Replacement of Quicksort in java.util.Arrays with new Dual-Pivot
Goktug Gokdogan
gokdogan at gmail.com
Sat Sep 12 16:22:41 UTC 2009
In fact, at first I intentionally skipped the warming-up code, thinking that
use of non-jvm optimized code could give some idea if more fine-tuning
required in the implementation. Then I realized that results also includes
the class loading times :(. So I added code that will just load classes by
sorting an empty array. After change Array.sort was still giving competitive
results at 1000 items. (points to my previous theory about fine-tuning?)
Finally, I decided give the code into hot-spots ingenious hands, dual-pivot
sorted 5000 items in about %35 shorter times.Good job!
2009/9/12 Vladimir Iaroslavski <iaroslavski at mail.ru>
> Hello,
>
> As you mentioned, warm up is needed.
> Add just several lines as here:
> ...
> Random random = new Random();
>
> DualPivotQuicksort.sort(array);
> DualPivotQuicksort.sort(array);
> Arrays.sort(array2);
> Arrays.sort(array2);
>
> for (int i = 0; i < n; i++) {
> int r = random.nextInt(n);
> array[i] = r;
> array2[i] = r;
> }
> ...
> after that I see ratio of time:
>
> 943761 - Arrays
> 534816 - DualPivotQuicksort
>
> do you?
>
> In original your version where you have only one call
> of Quicksorts, a lot of time is spent for loading classes.
>
> And I also note that it is better to run algorithms many times
> (say, 50-100 times) and take average (or minimum) time.
>
> Thank you,
> Vladimir
>
> P.S. Benchmarking in Java is "Dark Art"
>
> -----Original Message-----
> From: Goktug Gokdogan <gokdogan at gmail.com>
> To: Vladimir Iaroslavski <iaroslavski at mail.ru>
> Date: Sat, 12 Sep 2009 15:13:17 +0300
> Subject: Re: Replacement of Quicksort in java.util.Arrays with new
> Dual-Pivot
> Quicksort
>
> > Sorry :( . Please ignore previous post. Warming-up yield to better
> results
> > in dual-pivot's favor.
> >
> > On Sat, Sep 12, 2009 at 2:43 PM, Goktug Gokdogan <gokdogan at gmail.com>
> wrote:
> >
> > > My absolutely non-scientific preliminary tests indicate Arrays.sort
> > > performs better with the same input (5000 items) in nearly all runs
> > > (-client).
> > > public static void main(String[] args) {
> > > final int n = 5000;
> > > int[] array = new int[n];
> > > int[] array2 = new int[n];
> > > Random random = new Random();
> > > for (int i = 0; i < n; i++) {
> > > int r = random.nextInt(n);
> > > array[i] = r;
> > > array2[i] = r;
> > > }
> > >
> > > long st1 = System.nanoTime();
> > > Arrays.sort(array2);
> > > long st2 = System.nanoTime();
> > > DualPivotQuicksort.sort(array);
> > > long end = System.nanoTime();
> > > System.out.println(st2 - st1);
> > > System.out.println(end - st2);
> > > }
> > >
> > > I tried changing which sort runs first, but the results did not change.

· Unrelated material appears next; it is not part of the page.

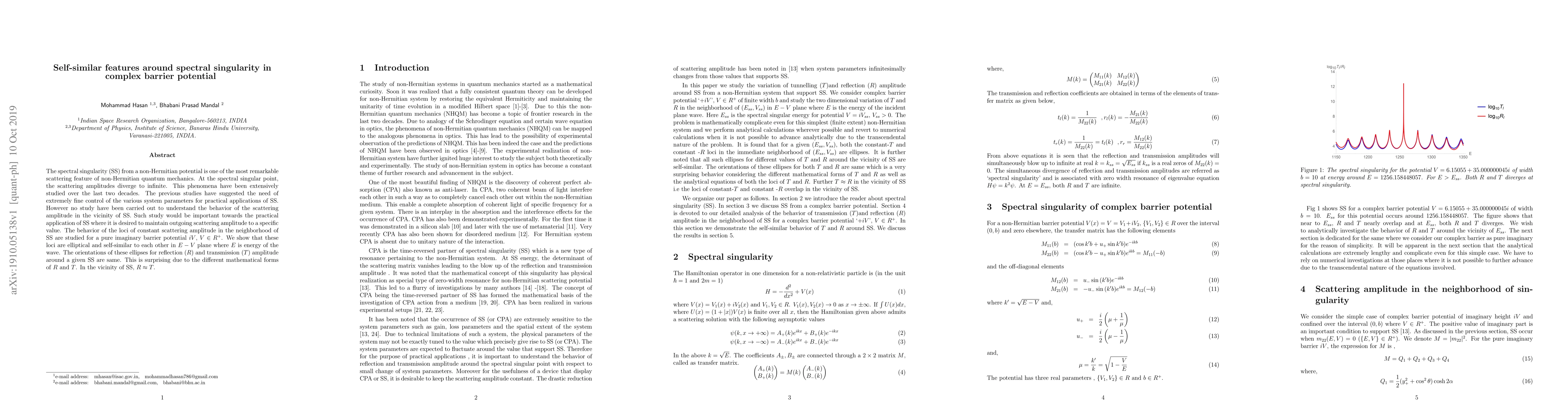 Researchers studied the behavior of scattering amplitudes near spectral singularities in complex barrier potentials, finding that loci of constant amplitude form elliptical shapes that are self-similar and exhibit symmetry between reflection and transmission amplitudes.

> > > Over 100.000 items, dual-pivot consistently beats Arrays.sort.
> > >
> > > Well, this test is not a good reference though :)
> > >
> > > On Fri, Sep 11, 2009 at 5:27 PM, Vladimir Iaroslavski <
> iaroslavski at mail.ru
> > > > wrote:
> > >
> > >> Hi,
> > >>
> > >> I've tried to use local variable int ak = a[k] in the loop
> > >> and not found saving of time. There are 3 occurrences of a[k]
> > >> in each loop, but only two can be changed because third
> > >> comes after line: swap(a, k, great--);
> > >>
> > >> As summary: I'm changing only hardcoded constant by
> > >> private static final variables.
> > >>
> > >> Thank you,
> > >> Vladimir
> > >>
> > >> Ulf Zibis wrote:
> > >>
> > >>> Am 11.09.2009 15:32, RИmi Forax schrieb:
> > >>>
> > >>>> just my two cents :
> > >>>> In the loop tagged "sorting" and "equals element",
> > >>>> a[k] can be stored in a local variable to avoid to recompute it
> several
> > >>>> time.
> > >>>
> > >>> I add 2 cents more:
> > >>> Doesn't HotSpot see this, and optimize accordingly?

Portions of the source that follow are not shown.